The industry has been fastidious in promoting its pride and image as a producer of quality food — although this claim seems to be at odds with the health advisory warnings and escalating parasite problems coming out of Norway. Unfortunately, salmon farming grows a carnivorous product that sells beyond the affordability of most of the world’s poor consumers — including those in Senegal and Chile.

But this is characteristic of the destructive distortion that has occurred in industrial farming. Cattle, pigs, fowl and other domestic animals are herbivores that were never fish eaters. Fish resources have better and wiser uses. As a strategy, salmon farming is similarly unsustainable because feeding fish to grow another fish as a edible product is a highly inefficient way of making food — farming has never grown sheep to feed to tigers so we can eat tiger meat. If we must eat meat, the long history of farming has found that the only viable strategy is to eat herbivores.
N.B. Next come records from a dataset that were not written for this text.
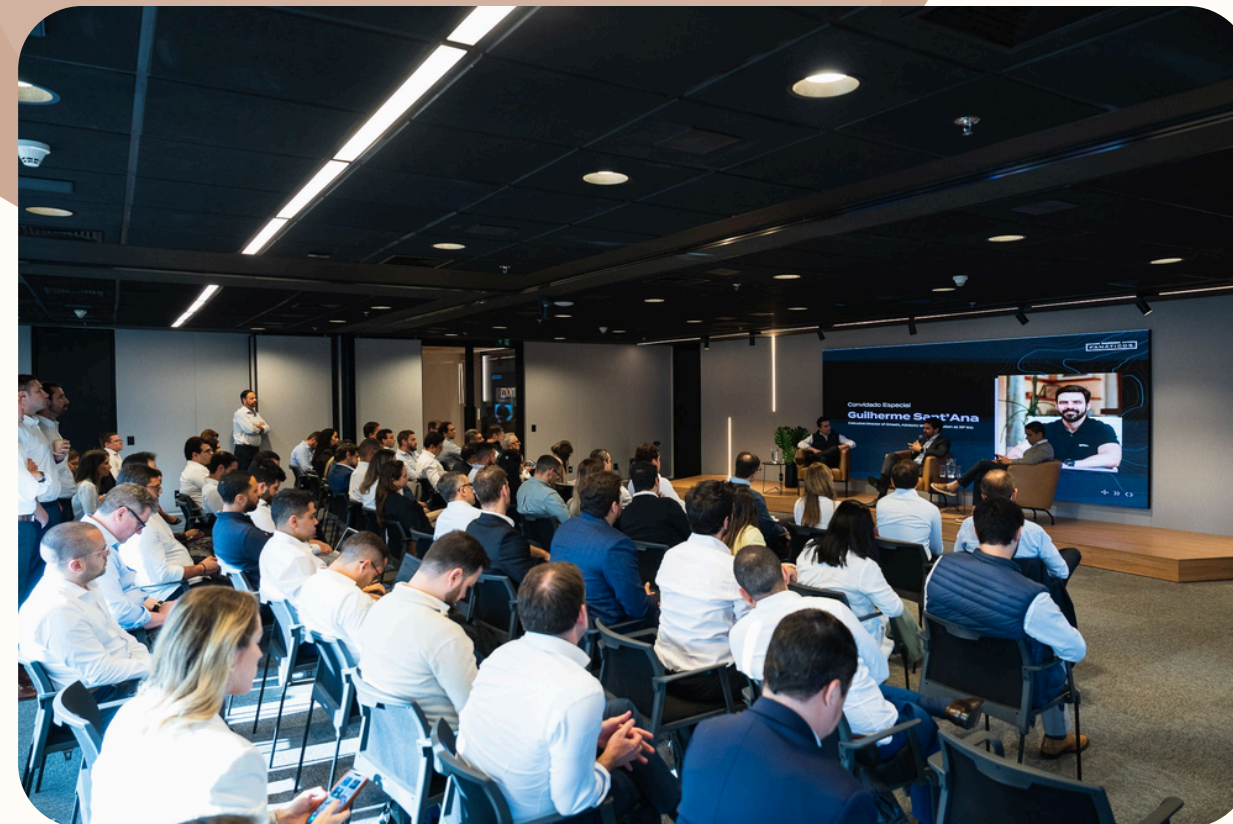
Evento estratégico - encontro de lideranças comerciais

Organização de eventos corporativos end-to-end, desde encontros de reconhecimento para times comerciais até comitês executivos com alta liderança, incluindo narrativa e apresentações, contribuindo para o engajamento dos times e fortalecimento da cultura organizacional.
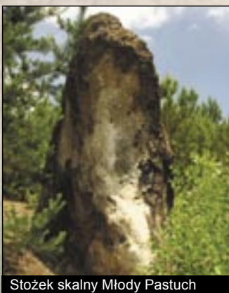
Stożek skalny Młody Pastuch

m. woda o temperaturze 65-68 C° zamieniła osadę Egerszalók w międzynarodowe kąpielisko termalne o właściwościach leczniczych. Spływająca po zboczu wzgórza woda stworzyła pagórek tufy wapiennej. Dzięki temu osada jest zwana „węgierskim Pamukkale”, na wzór słynnych na całym świecie tureckich kąpielisk. Od roku 2007 przyjmuje gości w wybudowanym nieporównanym naturalnym środowisku kompleksie wellnes „Kąpielisko Lecznicze i Kąpielisko Wellnes” („Gyógy és Wellnesfürdő”).
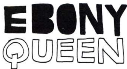
07. Un homme qui aime les Blacks.
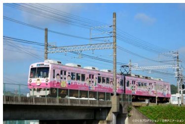
ちびまる子ちゃんラッピングトレイン
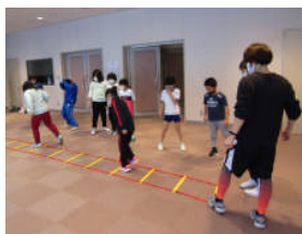
ラダーを使ってかけ足
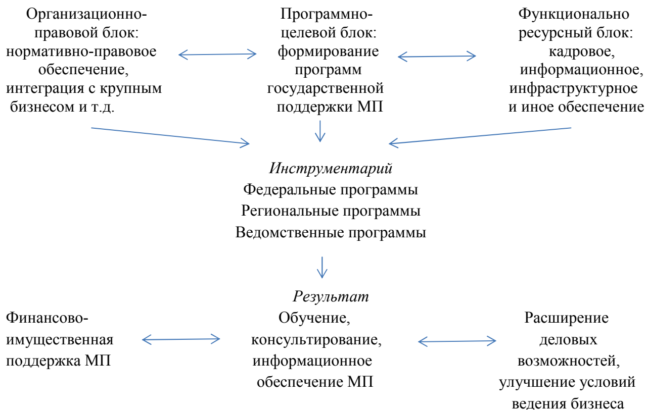
Рис. 1. Пример механизма государственной поддержки субъектов малого предпринимательства

Схематично можно показать иерархию программ государственной поддержки малого предпринимательства. От ведомственных программ выходит расширение деловых связей, финансовая и материально-техническая поддержка малого предпринимательства, обучение и консультация предпринимателей, улучшение условий ведения бизнеса, информационное обеспечение [3, с. 84].
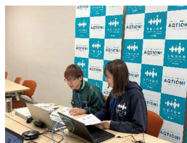
オンラインでの出張授業のようす
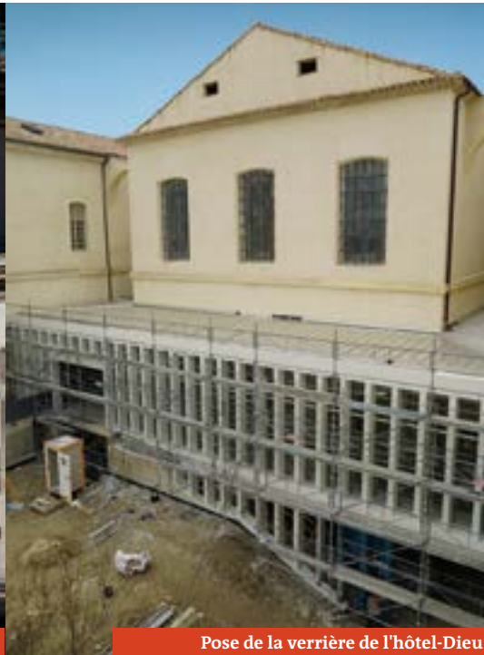
Pose de la verrière de l'hôtel-Dieu
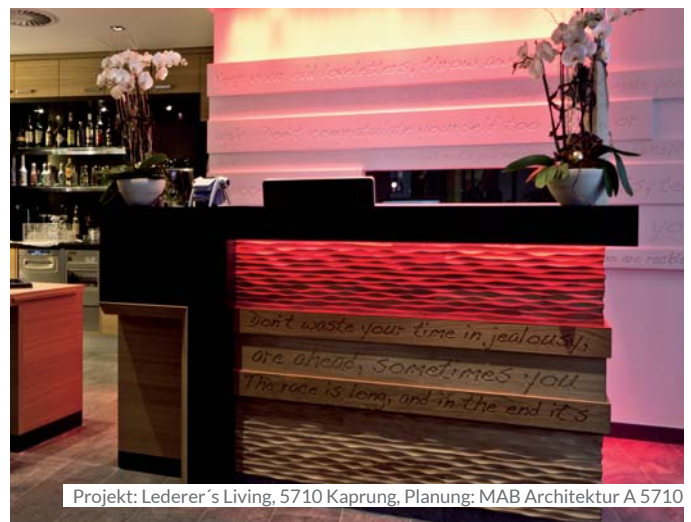
Projekt: Lederer's Living, 5710 Kaprun, Planung: MAB Architektur A 5710
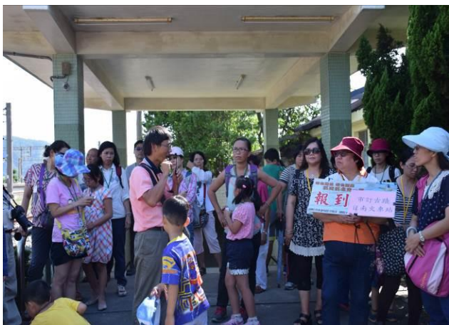
9/5 日南車站(市定古蹟)
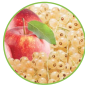
Pomme - groseilles blanches
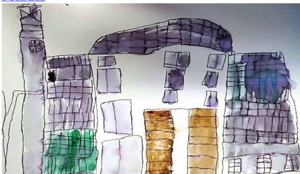
LIBÉRATION DE LA

Salmon farming is an anomaly in history and aquaculture, only supported today by the fleets from an industrial fishing industry that strain the oceans of perfectly edible fish that then get rendered into fishmeal. Farmed salmon is a product for rich people, paid for by the loss of sustenance fish for poor people. Such salmon are not going to feed the world’s population; growing them is simply going to accelerate the pillaging of oceans so that no one has fish.

So the recent announcement by the BC Salmon Farmers Association that they intend a 100,000 tonne increase in net-pen farmed salmon production by 2020, with a further increase to 150,000 tonnes by 2025 is simply bad news. This ostensibly doubles the production of BC’s farmed salmon, disregards the cautionary recommendations of the Canadian government’s $26 million Cohen Commission Report, and forebodes even more fish shortages for the poor people of Chile, Senegal and elsewhere. Filling more net-pens with more farmed salmon is a means to emptying the oceans of all fish.